Les dossiers

Le soleil

Les UV

Le soleil émet un ensemble de rayonnements qui atteignent la surface de la terre. Parmi eux : les ultraviolets (UV).

 

Les UV sont invisibles et ne chauffent pas. Ils se classent en 3 catégories :

- Les UVC très dangereux car de très faible longueur d’onde, sont absorbés par l’atmosphère et n’atteignent pas la surface de la Terre.

- Les UVB sont arrêtés en grande partie par les nuages un peu épais et sombres, le verre, le plastique et les premières couches de l’épiderme.

- Les UVA traversent plus les nuages, le verre et l’épiderme. Ils sont indolores et peuvent pénétrer plus profondément dans la peau, jusqu’aux cellules du derme.

 

L'index UV

 

L’index UV exprime l’intensité des UV et le risque qu’il représente pour la santé. Plus l’index est élevé, plus il faut se protéger.

L’index UV est élevé lorsque le soleil est haut dans le ciel.La couche d’ozone et l’ensemble de l’atmosphère jouent le rôle de bouclier protecteur contre les UV.

Ainsi, plus le soleil est haut dans le ciel (ombres courtes), plus le trajet des rayons dans l’atmosphère est court, plus l’index UV est fort. Inversement, lorsque le soleil est bas dans le ciel (ombres longues), plus les rayons UV traversent une épaisse couche d’atmosphère, plus l’index UV est faible.

 

Le piège des nuages et du vent

Les nuages génèrent fréquemment une impression de sécurité. Pourtant, hormis lorsque les nuages sont épais et sombres cette impression est injustifiée. Le piège s’avère particulièrement dangereux lorsqu’il y a un voile nuageux.

La température et la luminosité sont alors atténuées tandis que plus de 90 % des UV sont présents.

Le vent constitue un piège de même nature. Il génère également un sentiment injustifié de sécurité car la température ressentie est plutôt faible alors que le niveau d’UV n’est absolument pas réduit.

 

L’altitude et la réverbération augmentent l’Index UV

En altitude, l’épaisseur d’atmosphère qui filtre le rayonnement est réduite, il y a plus d’UV. Ainsi, l’Index UV augmente d’environ 10 % pour 1 000 m d’élévation.
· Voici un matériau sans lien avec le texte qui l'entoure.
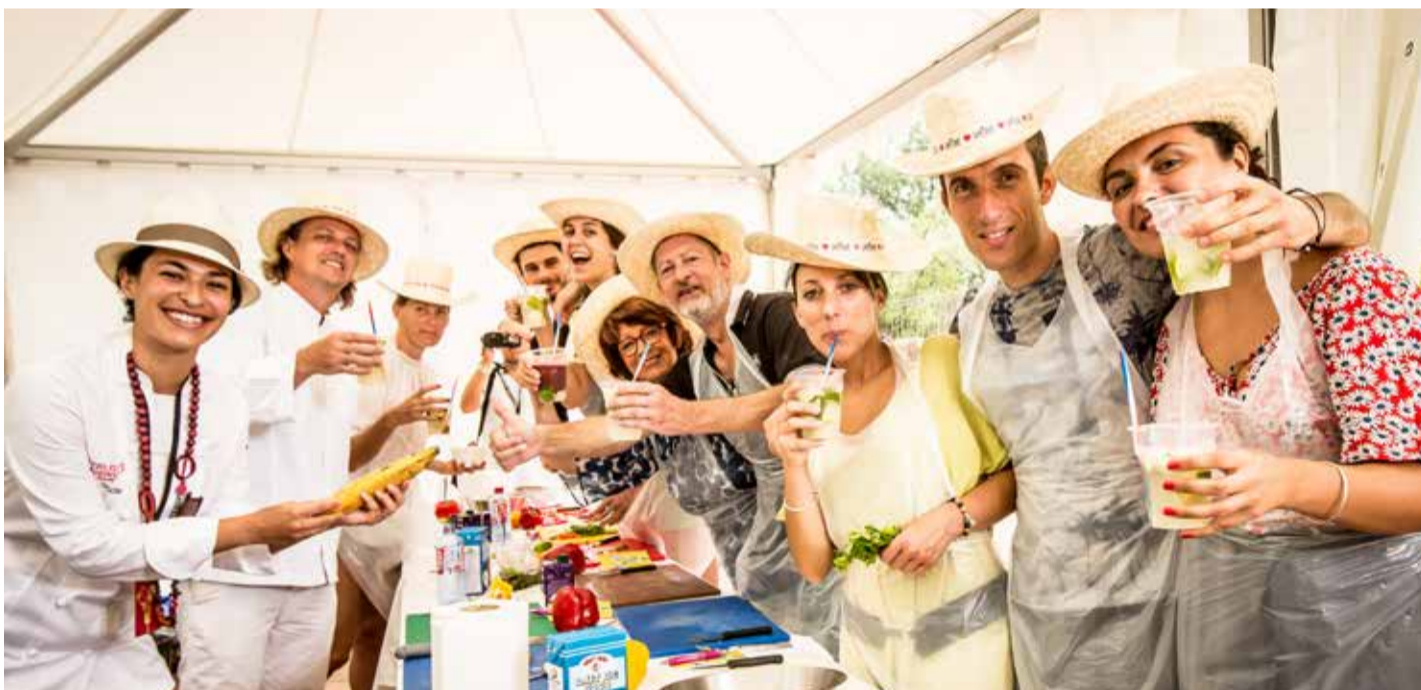
Sans soif et sans reproche

Malgré une température basse ou peu élevée, l’Index UV peut dépasser 10 à une altitude de 2 000 m dans les Alpes début juillet.
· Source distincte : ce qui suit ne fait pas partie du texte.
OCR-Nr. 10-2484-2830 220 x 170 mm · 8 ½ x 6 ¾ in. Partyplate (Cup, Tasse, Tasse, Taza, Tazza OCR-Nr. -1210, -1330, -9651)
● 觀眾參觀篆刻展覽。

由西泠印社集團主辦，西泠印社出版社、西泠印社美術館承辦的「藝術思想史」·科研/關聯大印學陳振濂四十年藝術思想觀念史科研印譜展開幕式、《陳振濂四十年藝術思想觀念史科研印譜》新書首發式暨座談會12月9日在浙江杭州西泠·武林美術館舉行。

De plus, la réverbération des rayons sur la neige peut augmenter très fortement les quantités d’UV reçues par la peau et les yeux.

Une neige fraîche peut réfléchir 90 % des UV.
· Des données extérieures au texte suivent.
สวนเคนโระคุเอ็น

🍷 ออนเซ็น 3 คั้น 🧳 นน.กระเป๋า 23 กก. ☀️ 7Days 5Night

L’eau réfléchit également de 10 à 30 % du rayonnement UV, le sable 5 à 25 % et l’herbe 5 %.

 

Les UV artificiels fortement déconseillés

 

Les UV reçus de lampes se cumulent en effet aux UV reçus du soleil, augmentant ainsi les risques de cancer et accélérant le vieillissement de la peau.

Les risques spécifiques aux UV artificiels viennent des rayons qu’ils émettent et de leur puissance (largement supérieure au rayonnement solaire).

La Commission européenne a demandé au Comité scientifique des risques sanitaires, environnementaux et émergents (SCHEER) un avis sur les lampes à bronzer (novembre 2016).

 

En voici les principaux éléments :

• l’exposition au rayonnement ultraviolet (UV) provenant des lampes à bronzer, même occasionnelle, est responsable de différents cancers de la peau (mélanomes et carcinomes) ;

• en Europe, sur 63 942 nouveaux cas de mélanomes diagnostiqués chaque année, 3 500 sont susceptibles d’être liés à l’utilisation des lampes UV, avec une proportion de 68 % de femmes ;

• le bronzage artificiel augmente de plus de 15 % le risque de mélanome dans la population en général. Pour celles et ceux qui l’ont pratiqué avant l’âge de 35 ans, le risque est presque doublé (+75 %). Le risque augmente avec le nombre et la fréquence des séances ;

• l’utilisation des lampes à bronzer est déconseillée à tous même si les personnes à peau claire ou ayant des taches de rousseur, des grains de beauté atypiques ou nombreux, ou encore des antécédents familiers sont plus à risques que les autres.